At this motel, there was an old woman pacing around behind the front desk. She was barely more than a ghost. Her body looked like an elaborately arranged sculpture of toothpicks, just waiting to be blown apart by the wind, or by some guest’s too-forceful sneeze.

“Wait here,” the old woman told us, in a voice more commanding than her body should have allowed.

I waited as we were checked in, windows down. The door-chime rang. There was a muted conversation. “Room four,” I heard. Four is bad luck, I knew, because my mother had told me once that four was death. She had said this in an elevator whose buttons read “3,” then “5,” skipping “4” entirely.  At this point, I would have rather risk a cursed room than the road, so I said nothing about the unlucky number on the tacky red label affixed to the key.

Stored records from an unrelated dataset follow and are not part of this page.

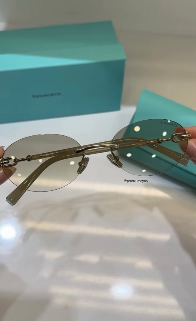 Tiffany & Co. bej renkte, minimalist ve çağdaş tasarıma sahip kadın gözlüğü, klasik zarafeti yansıtıyor.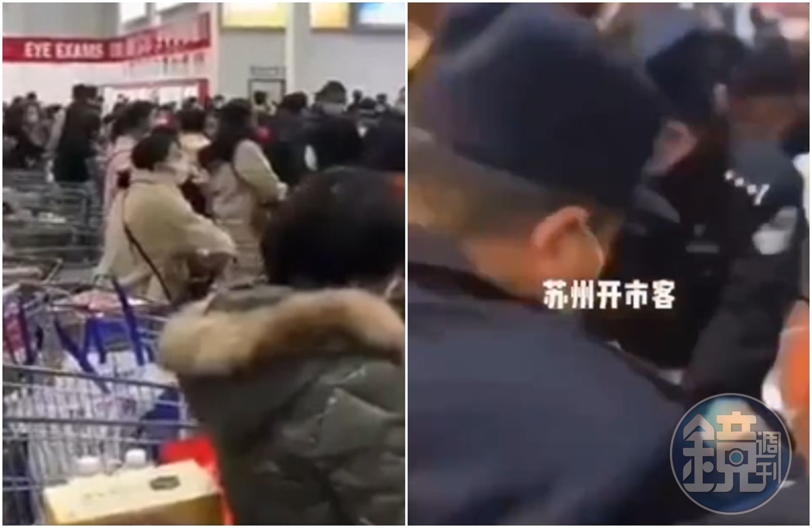 好市多蘇州店8日開幕,現場人潮壅塞,連維安人員都出動了。(翻攝推特)發布時間:2021.12.10 11:08 臺北時間
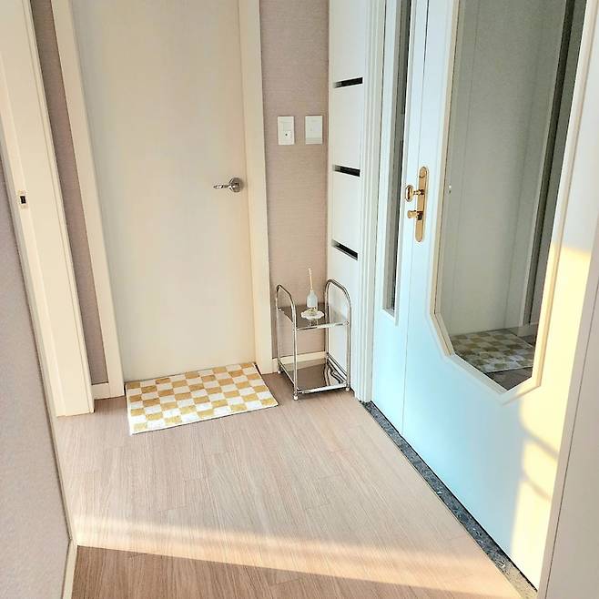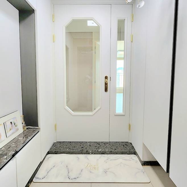 현관과 욕실 바닥은 입주하기 전에 줄눈 시공을 했어요. 지내다 보니 줄눈 시공은 하길 정말 잘했다는 생각이 들어요. 청소하기도 쉽고 되게 깔끔해 보입니다. 제가 중문을 시공할 때 방향을 현관 쪽에서 당기는 방향으로 선택해서 발 매트를 하나 두고 사용 중이에요. 현관은 집의 첫 인상을 결정하기 때문에 머리카락이나 먼지 없이 깨끗하게 유지하려고 노력하고 있어요.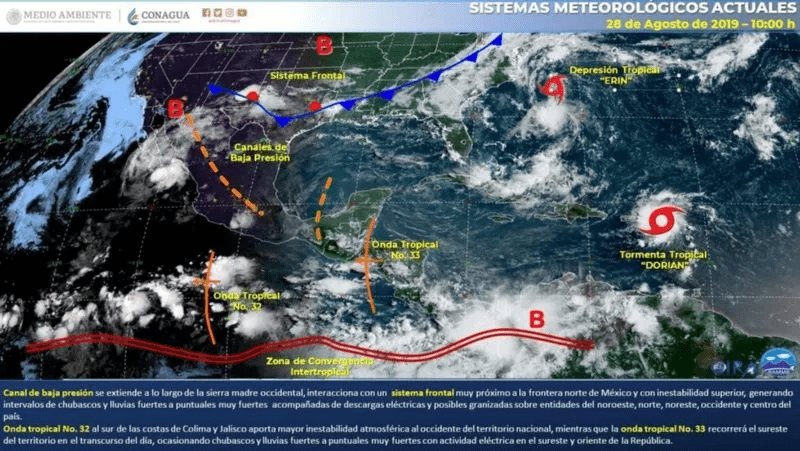 Las condiciones meteorológicas señaladas serán generadas por la Onda Tropical Número 32, que se extenderá al sur de las costas de Jalisco, la Onda Tropical Número 33, en interacción con un canal de baja presión ubicado sobre el sureste de México, un frente frío localizado sobre la frontera norte de la República Mexicana, el cual se combina con otro canal de baja presión, pero extendido sobre la Sierra Madre Occidental, y el ingreso de humedad proveniente del Golfo de México y el Océano Pacífico.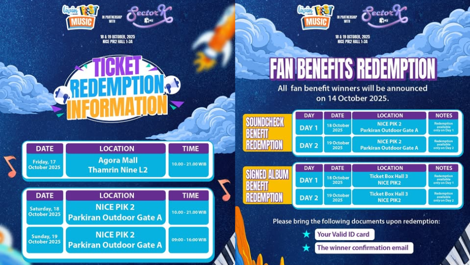- Sabtu, 18 Oktober 2025: Hanya untuk penukaran tiket Day 1 pada pukul 10.00-21.00 WIB

We walked back to the car, and drove less than twenty feet to a parking spot in the gravel, right in front of a wood door with a little patio set beside it. There was a near imperceptible layer of dust on the table.


I yawned. Crickets rubbed their legs together. I rubbed my hands together. He twisted the room-key into its hole. I locked the car door.

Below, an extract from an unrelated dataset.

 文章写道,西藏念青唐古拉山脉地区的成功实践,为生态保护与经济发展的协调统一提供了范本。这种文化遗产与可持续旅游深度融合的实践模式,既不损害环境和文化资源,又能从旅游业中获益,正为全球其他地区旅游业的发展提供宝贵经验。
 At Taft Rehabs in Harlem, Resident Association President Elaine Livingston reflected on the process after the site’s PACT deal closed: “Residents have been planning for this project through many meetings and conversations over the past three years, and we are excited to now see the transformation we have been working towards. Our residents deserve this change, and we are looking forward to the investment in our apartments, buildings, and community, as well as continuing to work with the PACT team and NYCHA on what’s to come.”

The room was bare, with nothing on the walls but a small painted flower. There was an empty vase, a kettle, and a mini-fridge. The bed looked clean enough, though it smelled musty.

In truth, this motel was even worse than the ones with the ugly fake palm trees, about which I so often complained. The heater loudly hummed despite the fact that it was the summertime. The fridge was not very cold, and the bed was hardly soft. The overhead light dangled on a brown chain, a bulb wrapped in a porcelain cover that looked more intricately designed than the worn-down space had deserved.

In any case, I was thankful for this room, because it was where we had chosen to stop, and where, even if only momentarily, we would end our transit.

But I knew, as I lay facing the window and he lay facing the wall, that tomorrow would just be more of the same. We would set off from this musty room in search of another, and then another after that. Over and over we were bound to take detours, lengthening our journey home. Then we were bound to fall tiredly into the stained embrace of our last resort, and wake up dissatisfied.

“I don’t want our journey to end this way,” he would tell me, after such a night. Then we would go off again, looking for something special, something nice enough to feel like a good ending, a real ending, something we could look upon fondly when we remembered our travels.

In short, we were meant to be back days ago, but we have been unable to bring ourselves to the finality that awaited us when we returned.

‘Home,’ to many, was a comfort. To us, it was a defeat. We knew that we had achieved little of what we wanted to achieve on this trip. Neither of us had transformed, as we had expected to, through the allegedly miraculous effects of travel; our relationship, which had already been on the brink of failure, was certainly not saved by the nights we spent arguing over maps, or the days we spent at cliff edges and souvenir shops. Quite often, all the beauty of the world is not enough.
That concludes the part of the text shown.